Let us define a state vector \(\boldsymbol{b} = (p_{ \uparrow }, p_{ \downarrow })\) which describes the probability of being in a certain spin state. Further define \({\bf b}_{\uparrow}\) and \({\bf b}_{\downarrow}\) to be the state of being up or down with certainty, respectively. After going through one of the channels we have the following recursion between spins on neighbouring sites
\[\boldsymbol{b}_n = W \boldsymbol{b}_{n-1} \qquad \qquad \hat W = \pmatrix{1 - f & f \\ f & 1 - f}\]Further, we can write down the probability of a certain spin configuration. For the configuration \([\Updownarrow] = \uparrow ...\uparrow \downarrow \uparrow s_0 \equiv s_N ... s_3 s_2 s_1 s_0\) with the first spin rightmost, the probability is
\(\mathcal{P} ( [ \Updownarrow ] \vert {\bf s}_0) = \prod_{k=1}^N \mathcal{P}({\bf s}_k \vert {\bf s}_{k-1}) = \prod_{k=1}^{N} {\bf s}_k^T \hat W {\bf s}_{k-1} = {\bf b}_{\uparrow}^T \hat W ... \hat W {\bf b}_{\uparrow} {\bf b}^T_{\uparrow} \hat W {\bf b}_{\downarrow} {\bf b}^T_{\downarrow} \hat W{\bf b}_{\uparrow} {\bf b}^T_{\uparrow} \hat W \boldsymbol{s}_0\).
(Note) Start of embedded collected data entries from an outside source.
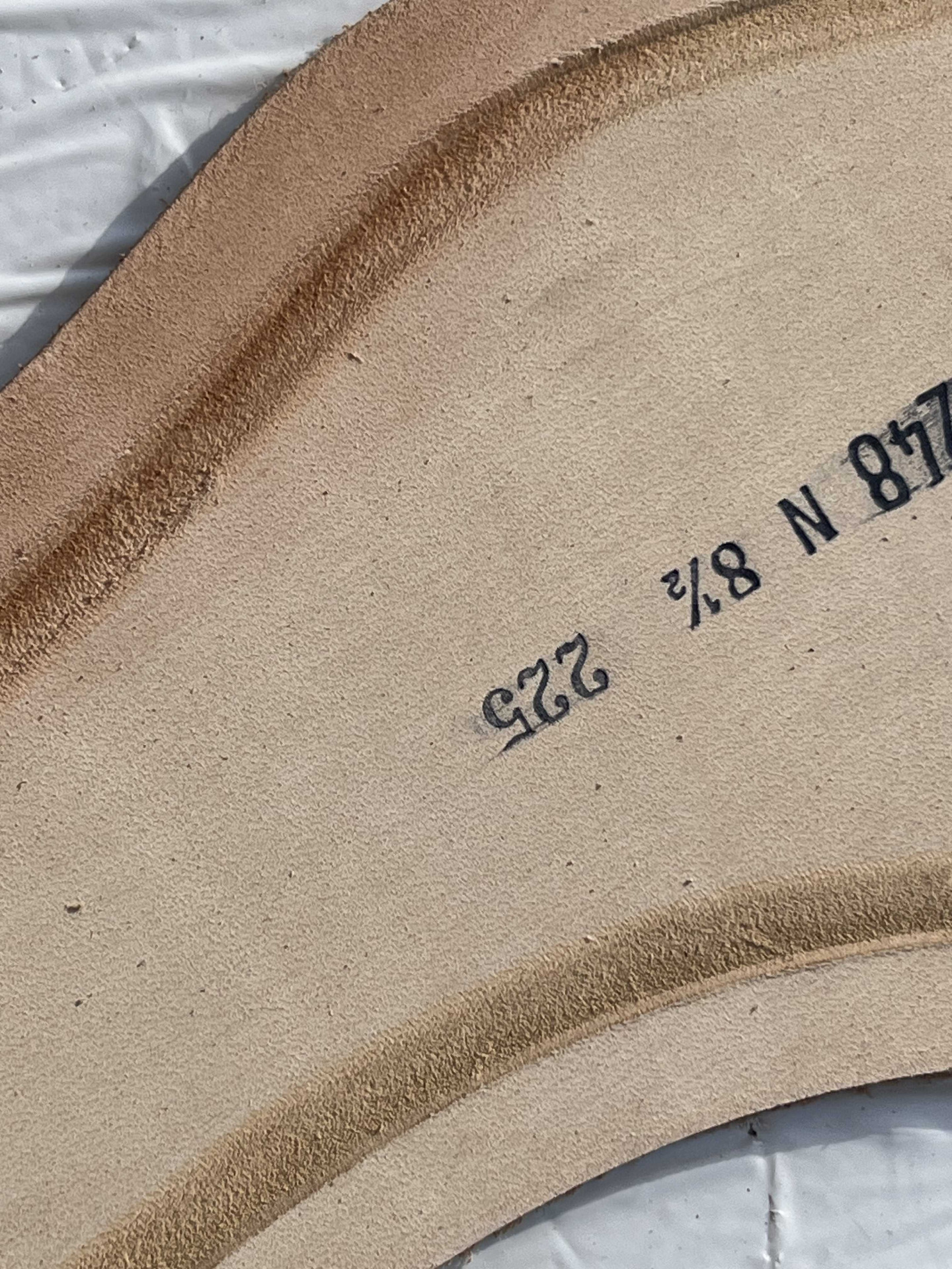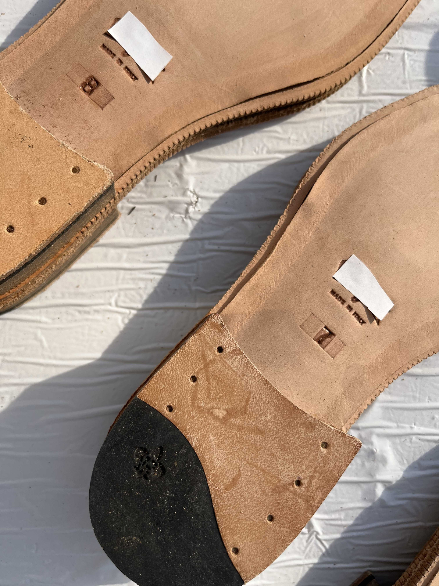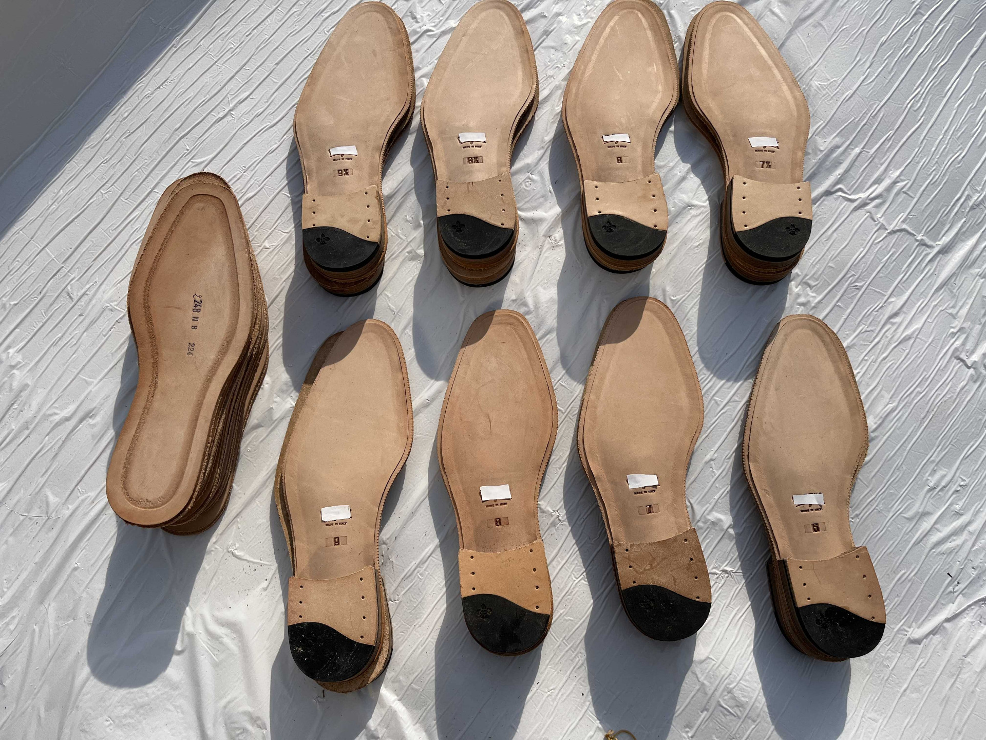 Suola scarpe uomo in vero cuoio naturale fresate ed ugualizzate complete di tacco in cuoio e soletto in cuoio, trattasi di suole con logo personalizzato impresso sulla suola facilmente rimovibile alla fresa, rimanenza di produzione.
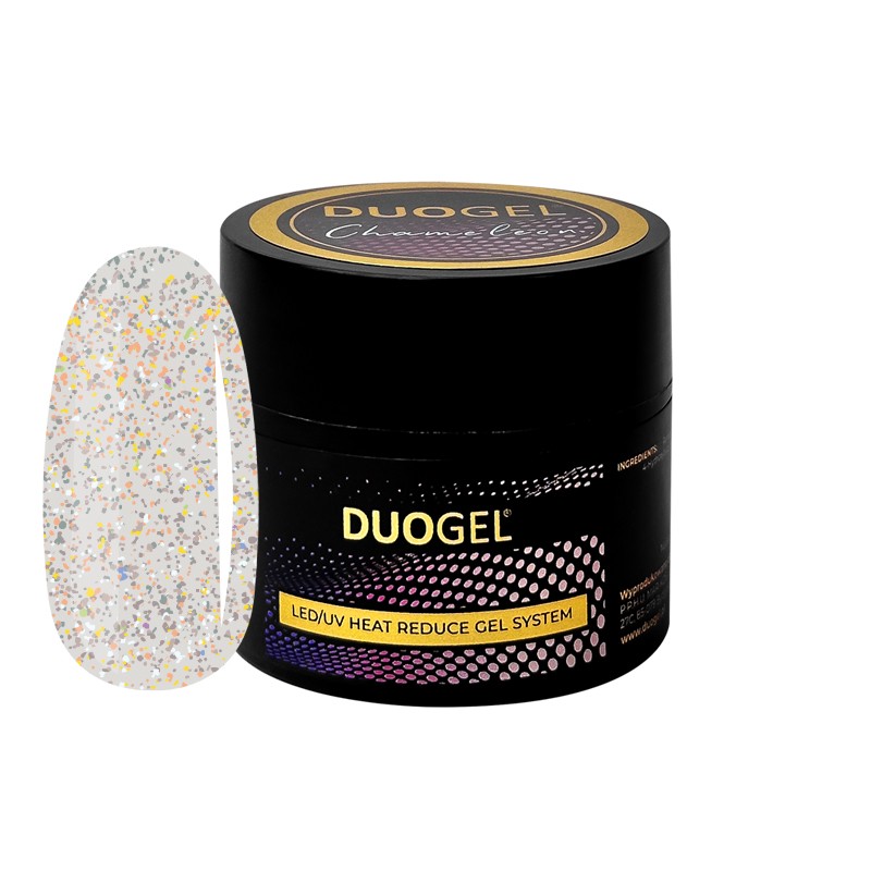 Żel CHAMELEON to budujący żel o gęstej konsystencji z pamięcią kształtu. Idealnie sprawdzi się do uzupełnienia metodą bez piłowania. Mnóstwo kolorowych drobinek sprawia, że nie potrzebujesz dodatkowo lakieru hybrydowego, aby Twoja stylizacja robiła efekt WOW! Sprawdzi się świetnie do frencha konstrukcyjnego lub efektu princess nails.
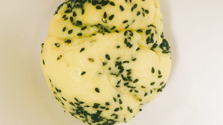 5. 把面团分成两份,一份裹上黑芝麻,最好揉均匀哦,我有点偷懒了,没怎么揉!我这个方子出来的面团基本不粘手的哦,所以我都没有戴手套什么的!
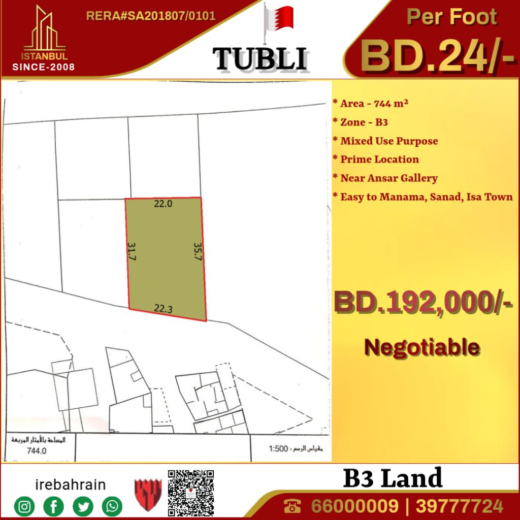 أرض للبيع في توبلي، فئة B3، بسعر 24 دينار بحريني للقدم. تقع هذه الأرض في توبلي، خلف أنصار جاليري بمساحة 744 مترا مربعا، مصنفة ضمن فئة B3، وهي مناسبة لبناء سكني أو تجاري من 3 طوابق. تتميز بسهولة الوصول الى المنامة، سلماباد، سند، مدينة عيسى، وغيرها سعر القدم 23 دينارا بحرينيا. السعر الاجمالي 192000 دينار بحريني قابل للتفاوض
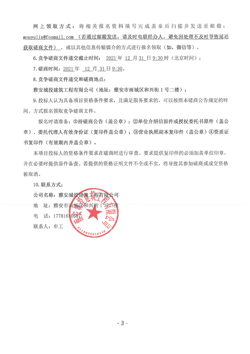 雅安市建安公司棚戶區(qū)改造安置房項目欄桿工程競爭磋商公告
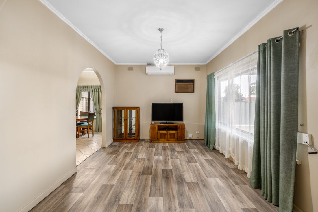 Inside, a light-filled front lounge welcomes you with its oversized picture window and split-system air conditioner, creating the perfect spot to unwind. An arched doorway leads through to the open kitchen and dining area, offering effortless connection between living zones.

Define \(W_{ss'} = {\bf s}^T \hat W {\bf s'}\). Then we could equivalently write
\[\mathcal{P}( [ \Updownarrow ] \vert \boldsymbol{s}_0) = W_{s_N s_{N-1}} W_{s_{N-1} s_{N-2}} ... W_{s_{1} s_0}\]Note here that since the states each spin site \({\bf s}_k\) can take are finite, so the new \(W_{ss'}\) act as components of a matrix. The probability is necessarily normalised.
By marginalising our product we can write the probability of a spin at site \(k\) given the value at site \(l < k\) straightforwardly
\[\mathcal{P}({\bf s}_k \vert {\bf s}_l) = {\bf s}_k W^{\vert k - l\vert} {\bf s}_l\]Okay.
If we think of this transfer probability as resulting from an effective channel, then what is the capacity of this channel? As a reminder, the capacity \(C\) is the supremum of the mutual information \(I(X;Y)\). This mutual information can be written explicitely (with some calculation)
\[I({\bf s}_k; {\bf s}_l) = H_2\big(p_{\downarrow}^{l} [ 1 - g_{\vert k - l \vert}(\uparrow\uparrow)] + [1 - p_{\downarrow}^{l}] g_{\vert k-l \vert}(\uparrow\uparrow) \big) - H_2\big(g_{\vert k - l \vert}(\uparrow\uparrow) \big)\]Where \(g_x(ss') = {\bf b}_s W^x {\bf b}_{s'}\). This is maximised using a uniform input distribution at site \(l\), which leads to a capacity of
\[C_{kl} = \sup_{\mathcal{P}({\bf s}_k)} I({\bf s}_k;{\bf s}_l) = 1 - H_2(g_{\vert k - l \vert}(\uparrow\uparrow)\big)\]And we can also write \(g\) on terms of the original flip probability for neighbours using a recursive method.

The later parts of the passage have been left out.